To take this lower bound into account, I was thinking of using a zero-inflated modeling after shifting values. Ideally, my choice would be @saudiwin’s ordbetareg package (based on brms), which I’ve used before to model data with both a lower and upper bound. But I’m wondering to what extent it’s possible to apply ordered beta regression to data with a lower bound but no upper bound.
Does it make sense to use ordbetareg on such data after rescaling it to [0,1]?
In order to avoid modeling the values corresponding to the upper bound separately, I adjusted the rescaling to avoid including any ones in the rescaled data (normalizing by a value 10% higher than the actual maximum).
I get a pretty good fit, as illustrated by the posterior predictive plots below (obtained with the pp_check_ordbeta function in the ordbetareg package).
Do you think this is an appropriate way to model this data?
I have been also thinking of adapting the parameter corresponding to the upper bound in the definition of the Dirichlet prior, but this resulted in errors in model fitting. And after reading this thread I’m not sure it’s relevant to do so.
The other options I can think of would be:
Rewrite some of the code to keep the same general idea by only modeling degenerate lower bound values (zeros) and continuous values, but not the upper bound. However, my understanding of the package code is too limited to allow me to make this modification directly.
Use another distribution to model this data. As this duration data is discretized with a resolution of 10 milliseconds and can therefore be considered as a count of the number of 10 ms frames, I was thinking of a Poisson distribution. However, the first attempt I made with a Poisson distribution resulted in a fit not as good as with ordbetareg.
Thanks in advance for any other suggestions on how to model such data.
As @amynang wrote, there are other models that would seem to be more to the point. However, both Gamma and log-normal will require a zero-inflated (hurdle) component as neither accepts true 0s. But in principle, that would marry a discrete 0 with an unbounded positive response.
That being said, yes, you can use ordbetareg for modeling this type of outcome and a lot of it comes down to whether it makes sense to think of your treatment effect as a percentile effect. The primary advantage is that it enables scale-free comparison. For example, suppose you do multiple samples and the upper bound is somewhat arbitrary, but what you really want to see is what the percent difference was between treatment and control (not the amount on the response scale).
In that case, what you should do is pass a vector of c(0,upb) to the true_bounds option where upb is some value above which you don’t think durations are important or interesting (such as a time-out or some such upper limit). Then ordbetareg will scale the treatment effect against this upper bound, and that is a perfectly acceptable use of ordbetareg if percentile effects are useful for your research question.

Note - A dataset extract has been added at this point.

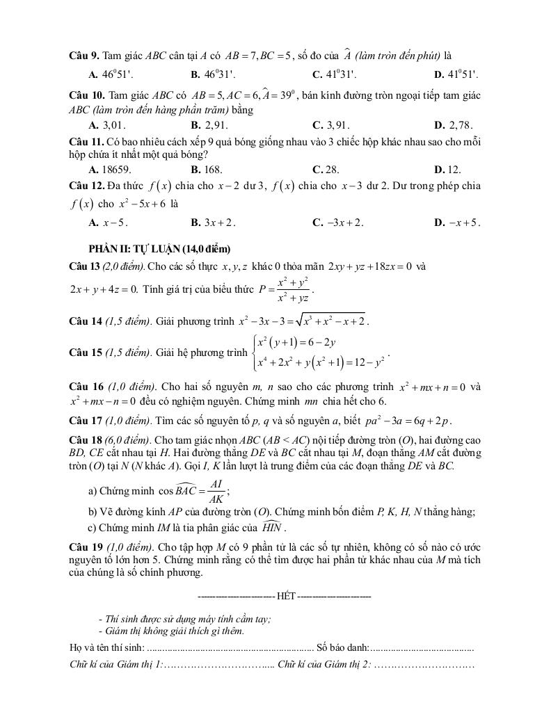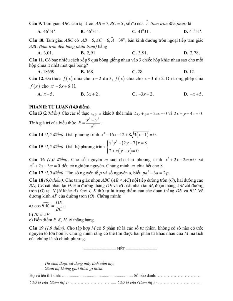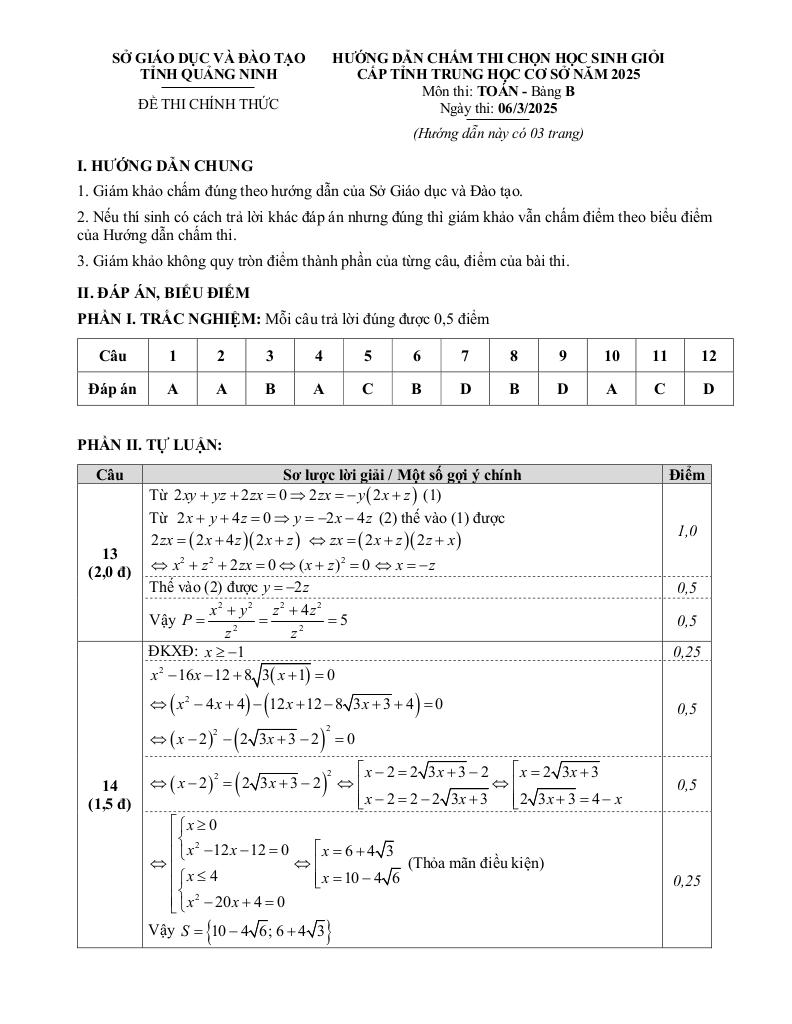 Toán học luôn là một môn học quan trọng, giúp học sinh phát triển tư duy logic và kỹ năng giải quyết vấn đề. Để hỗ trợ các bạn học sinh và giáo viên trong việc học tập và giảng dạy, bài viết này sẽ cung cấp lời giải chi tiết và đáp án chính xác cho chủ đề đề chọn học sinh giỏi cấp tỉnh toán thcs năm 2025 sở gd&đt quảng ninh, giúp bạn hiểu sâu và tự tin hơn khi làm bài tập.

I discuss this issue in more depth in this blog post about the econometrics “log of 0” controversy, which is a related topic:
Many thanks to both of you for your answers, which have helped me to see things more clearly, both for modeling this data and for other applications in my field.
Indeed my data do not include a 0 value since the minimum duration is by definition 0.03 seconds. In some similar cases, this minimum duration may represent a larger proportion of the whole.
Before considering ordbetareg, I had thought of using a lognormal (or skew normal) distribution, but this seems less appropriate to take into account the presence of this lower bound. I gave it a try with a gamma distribution that I hadn’t thought of before (thanks @amynang for the suggestion). This distribution fits my data rather well, but not as well as ordbetareg for the lower end of the scale, as can be seen on the pp_check plot zoomed in on the [0;0.2] range below.
I’m hesitating between a hurdle_gamma model on data shifted by 0.3 seconds and therefore relative to the minimum duration which would correspond to the value 0, which does indeed seem a more obvious choice, or keeping ordbetareg on data normalized in percentiles according to the approach proposed by @saudiwin. I think the latter approach is relevant to my research question, since I’m more interested in comparing the magnitude of the effects of different factors on duration than in values in seconds. The values in seconds will only be useful to give an order of magnitude of typical values for the different values of my predictors, but I suppose I can apply an inverse transformation to express the predicted values in the original scale.
In my case it doesn’t make much sense to define a maximum duration in milliseconds for normalizing the data as percentiles, but I can define an upper bound depending on the distribution of the data.
The other reason why I’m more inclined to use ordbetareg is that, from the few tests I’ve made so far, this model seems to me both more computationally efficient and to allow a more direct interpretation of the results than the hurdle models (but as I have very little experience of using these models I may be missing something obvious).
There is also “shifted_lognormal()” which might help with the mismatch. I am not sure that the ordbeta fit is obviously better.
I do not get the distinction you are making later on. If you’re interested in multiplicative effects, why not just log-transform your response and call it a day?
You’re right, in this particular case it’s probably a better choice, thanks. I was fixated on the idea of modeling untransformed data and hadn’t thought of such a simple option.
As long as duration can’t go to 0, I would probably model this as log-normal given that this model is a) relatively easy to interpret and b) very easy to fit.
Gamma is some extra hassle on both those dimensions.